Later on you could hire a car from here, and once we all went to Chippenham for the day for 42s. We started at eight o’clock in the morning with Mother, Dad, three children and the driver, all in a red Ford car. We had several adventures on the way: this was 1922 and the roads weren’t quite as good as they are today. We got lost once or twice before finally reaching my uncle’s house, and on the homeward journey the car had several punctures. A kind lady at a roadside cottage lent a bicycle for our driver to go to a garage miles away for help while my brother and I sat on a roadside bank watching several adders basking in the evening sunlight. Eventually we got home safely, my mother paid the driver and Dad gave him 2/6d. It was a good thing he didn’t charge for his time!

Grampy Coombes had a brother (Henry) who was for several years the village undertaker and wheelwright, while his wife and daughters ran the post-office. I only ever saw them from the other side of the counter and was expected to call them ‘Miss’. (These were Kathleen, later Mrs George Wiggins, and Miss Jessica Coombes).

There were several smaller shops where sweets were sold from tins, and like the others they had a tobacco licence and sold snuff. On their shelves were packets of starch, soap and blue bags. They also sold loose tea and sugar but not much else. All these shops suffered terrible losses when the Cooperative opened at Chipping Norton and started delivering twice a week around the villages – groceries, shoes, clothes, bread and cakes and, what was most useful, they also brought bags of pig food in the shape of ‘toppings’ and barley. The great attraction was the quarterly dividend; few women could resist this and many found it their first form of saving.

Besides the gypsies who came round the village with pegs and ferns, there were regular pedlars or packmen. They came every few months with lace, ribbons and cottons. There were no operations for bad hips in those days and one saw much suffering and quite a few crippled people. On the principle that everybody had to eat, most women kept back a few pence to spend with these unfortunates. One such old man rested his basket on the wall and gratefully accepted a cup of tea; he had a speech impediment too.

A reel of white cotton cost 21/2d; he took your shilling and counted out your change as follows: “uppence-‘appeny, ‘eppence, ‘ourpunce, ‘ipunce, ‘ixpense and a ‘illing’. Then there was the Thankyo’ man who bought rabbit skins, rags and old iron. He always paid the best prices and when he left he would slam the gate with a flourish, loudly callingThankyo’; that way the next housewife know he was on his way.

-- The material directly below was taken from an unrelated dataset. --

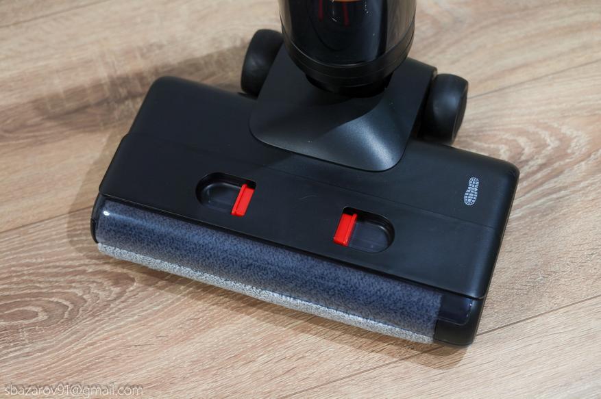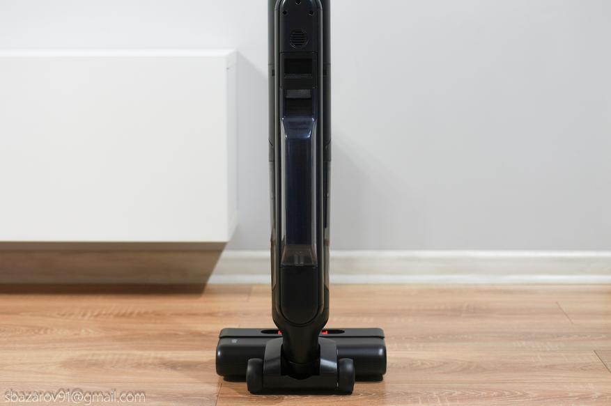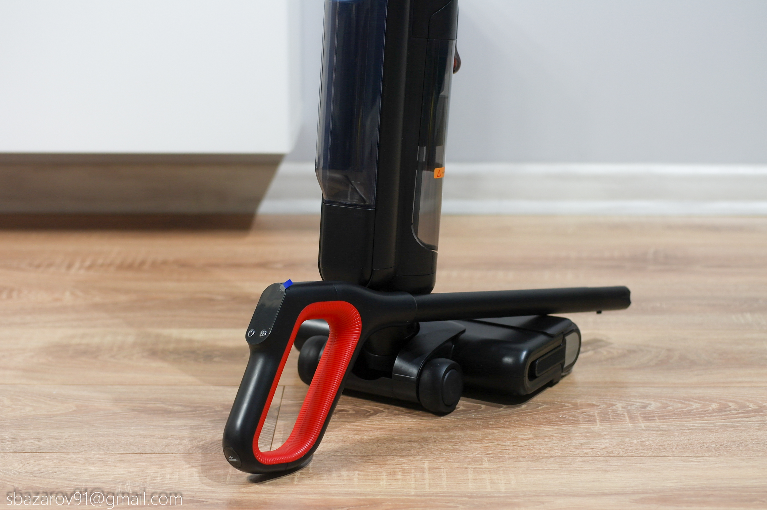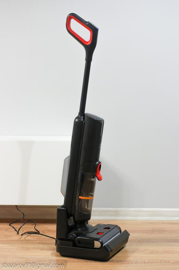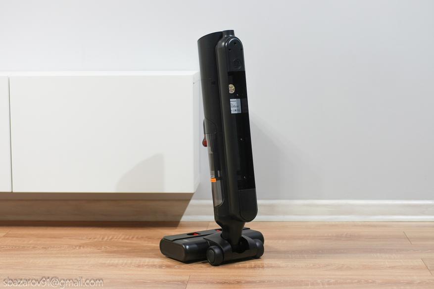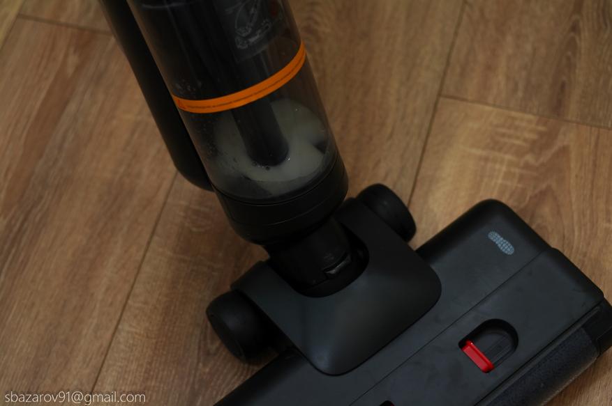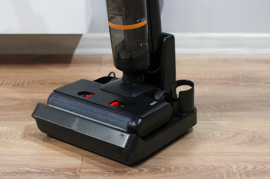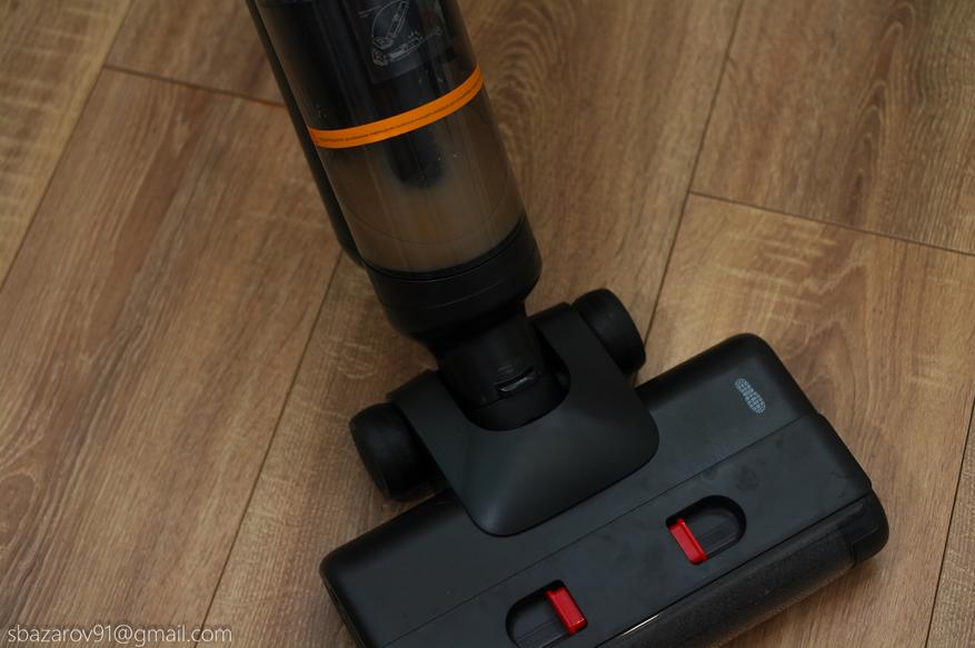 Полностью собранный пылесос выглядит стильно, а красные вставки добавляют ему выразительности. Кроме того, он способен самостоятельно стоять в вертикальном положении — для начала уборки достаточно нажать на площадку с валиком, и механизм наклона разблокируется. Максимальный угол наклона составляет 140 градусов, однако слишком сильный наклон может привести к переливу резервуара с грязной водой. Не смотря на немалый вес пылесоса, управлять им довольно удобно за счет привода на колесах, которые самостоятельно его толкают. Вам, как оператору, достаточно придерживать пылесос и задавать направление его движения.

Another old couple brought gravy-salt, bar-salt and pepper. They sometimes brought lardy-cake and could be heard crying their wares ‘lardy-cake and lamp-oil!’. These two old boys had wonderful hair which they said was due to them wiping their paraffin-soaked hands through it before serving the lardy-cake. If you were going out it was quite safe to leave the money on the door-step for the paraffin, shoe-polish etc. Fresh fish and fruit were brought to the door, the fishman meeting the early morning train to get the fish sent overnight from Yarmouth so that it reached our tables in less than twenty-four hours.